01.14
Who was born on this date:
Actress Bebe Daniels was born on January 14, 1901in Dallas, Texas. She began her film career during the silent era as a child actress, and became the star of musicals such as 42nd Street (1933). She gained further fame on radio and television in Britain. In a long career, she made over 230 films. Daniels retired from Hollywood in 1935 and moved to London. On March 16, 1971, Daniels died of a cerebral hemorrhage in London. Her remains were cremated at London’s Golder’s Green Crematorium and the ashes were then interred at Hollywood Forever Cemetery in Hollywood, California.
Who died on this date:
On January 14, 1957, actor Humphrey Bogart died.
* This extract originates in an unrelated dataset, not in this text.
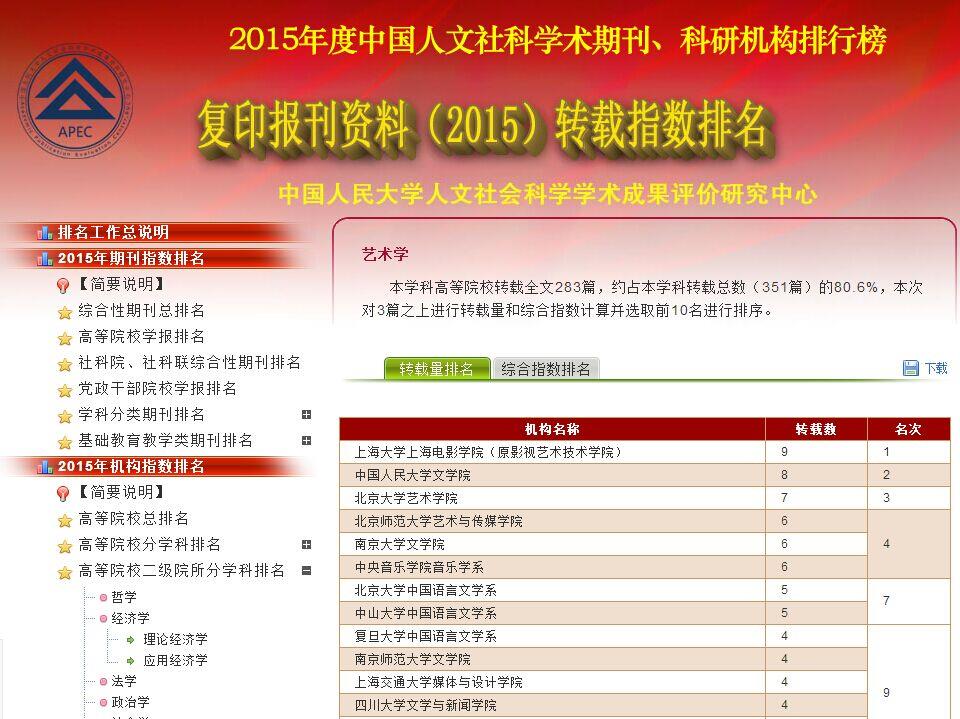 中国人民大学书报资料中心今年3月29日发布的2015年“复印报刊资料”转载统计,在艺术学门类高等院校二级院所分学科排名(转载量排名和综合指数排名)中,金沙集团1862cc成色上海电影学院在全国高等院校二级院所中排名第一。上海电影学院(原影视艺术技术学院)艺术学在这项排名上已连续五年蝉联第一。排名第二名至第五名的高校院所分别是中国人民大学文学院、北京大学艺术学院、北京师范大学艺术与传媒学院、南京大学文学院。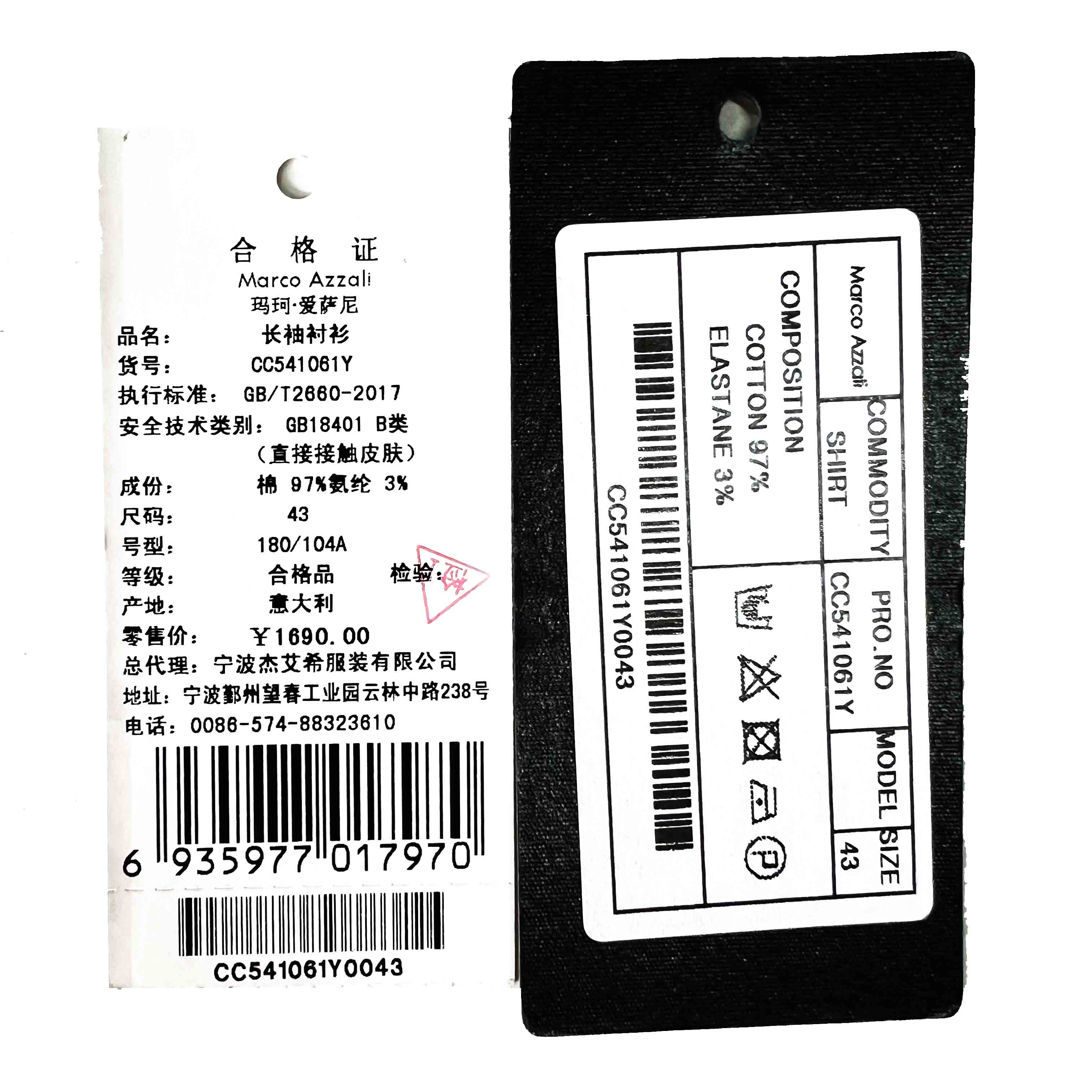 MARCO AZZALI 男士长袖衬衫 CC541061Y

He was born on December 25, 1899 in New York City. The American Film Institute has ranked Bogart as the greatest male star in the history of American cinema. Bogart began acting in 1921 and became a regular in Broadway productions in the 1920s and 1930s. His first foray into movies was in The Petrified Forest (1936), and this led to a period of typecasting as a gangster with films such as Angels with Dirty Faces (1938) and others.
His breakthrough as a leading man came in 1941 with High Sierra and the Maltese Falcon. The next year, his performance in Casablanca raised him to the peak of his profession and, at the same time, cemented his trademark film persona, that of the hard-boiled cynic who ultimately shows his noble side. Other successes followed, including To Have and Have Not (1944); The Big Sleep (1946); Dark Passage (1947) and Key Largo (1948), with his wife (Lauren Baccall) in The Treasure of the Sierra Madre (1948); In a Lonely Place (1950); The African Queen (1951), for which he won his only Academy Award; Sabrina (1954); and The Caine Mutiny (1954). His last movie was The Harder They Fall (1956). During a film career of almost thirty years, he appeared in 75 feature films.
Bogart met Lauren Bacall while filming To Have and Have Not in 1944. When they met, Bacall was nineteen and Bogart was forty-five. He nicknamed her “Baby.” Their physical and emotional rapport was very strong from the start, and the age difference and different acting experience also created the additional dimension of a mentor-student relationship. Quite contrary to the Hollywood norm, it was his first affair with a leading lady. Bogart was still miserably married and his early meetings with Bacall were discreet and brief, their separations bridged by ardent love letters. Yet Bogart was still torn between his new love and his sense of duty to his marriage. Divorce proceedings were initiated by February 1945. Bogart and Bacall then married in a small ceremony at the country home of Bogart’s close friend near Lucas, Ohio.
By the mid-1950s, Bogart’s health was failing. A heavy smoker and drinker, he contracted cancer of the esophagus but almost never spoke of his failing health and refused to see a doctor until January 1956. A diagnosis was made several weeks later and by then it was too late to halt the disease. Bogart had just turned 57 when he died on January 14, 1957 after falling into a coma at his home. His cremated remains are interred in Forest Lawn Glendale and buried with him is a small gold whistle, which he had given to Lauren Bacall, before they married. In reference to their first movie together, it was inscribed: “If you want anything, just whistle.”
On January 14, 2006, actress Shelley Winters died. She was born Shirley Schrift on August 18, 1920 in St. Louis, Missouri. She would appear in dozens of films, as well as on stage and television; her career spanned over 50 years until her death in 2006. A two-time Academy Award winner, she most remembered for her roles in A Place in the Sun, The Big Knife, Lolita, The Night of the Hunter, Alfie, and The Poseidon Adventure.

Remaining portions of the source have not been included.